News Release

Untangling the impacts of gut bacteria on drug metabolism

Peer-Reviewed Publication

American Association for the Advancement of Science (AAAS)

Individual drugs show variations in how successful or toxic they are, person to person. Now, by observing how varieties of genetically manipulated microbiota in the guts of mice contribute to the metabolization of drugs, researchers have revealed new insights into how these bacterial residents impact overall drug response and effectiveness. Their study provides a new framework by which to disentangle the complex interactions between host and microbiome metabolisms. The results could help enable the development of medications designed to improve treatment success by tailoring them to a patient's gut microbiota. The thriving microbial communities that inhabit the human gut forage and metabolize nearly everything they encounter, including orally administered drugs. As a result, the metabolism of drugs by the host body is influenced by the specific composition of an individual's microbiota, which has been implicated in the wide variations of how successful - or toxic - drugs are among individuals. However, distinguishing and measuring the microbial contributions to drug metabolism has remained a challenge - particularly if the metabolic processes and products are chemically indistinguishable between the host and microbiome.

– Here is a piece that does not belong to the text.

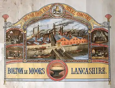 También se dispusieron equipos[69] de laminación, fundición y fragua. Inicialmente, sus productos incluían vigas y chapas de acero para las cubiertas de los barcos.[70] Durante 1865, la Bolton Iron & Steel fundió el bloque de un yunque más grande fabricado en Inglaterra, con un peso de 210 toneladas. En 1869, la empresa producía acero con hornos de hogar abierto y fabricaba martillos pilones con el diseño de Francis Webb.[69][71] El sobrino de Hick[63] se convirtió en accionista tras su incorporación a la empresa el 9 de junio de 1876.[72]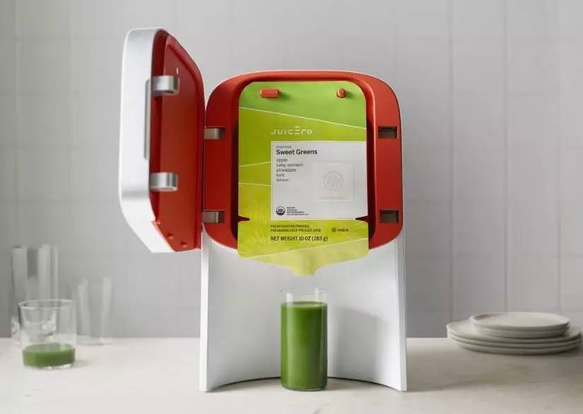 與傳統(tǒng)榨汁機(jī)不同的是,這款與互聯(lián)網(wǎng)連接的智能榨汁機(jī)“太過(guò)金貴”,不能把新鮮蔬果直接放進(jìn)去榨汁。購(gòu)買(mǎi)這款榨汁機(jī)的用戶(hù)必須配套購(gòu)買(mǎi)朱塞羅“果汁材料包”。

Michael Zimmerman and colleagues measured the levels of the drug brivudine (BRV) and its known metabolite, bromovinyluracil (BVU), over time and across different tissues within mice inoculated with a variety of gut communities - some complex, some gnotobiotic and some genetically modified. The authors identified a buildup of BVU (known to lead to deadly interactions with other drugs) in the livers of mice with complex biomes, illustrating the contribution of microbiota to drug toxicity. Using this data, Zimmerman et al. developed a pharmacokinetic model, which was able to computationally predict the contributions of both the host and microbiome in the metabolism of other anti-viral and anti-depressant drugs. According to the results of the model, in some scenarios, nearly 70% of drug metabolism could be predicted from the activity of microbiota.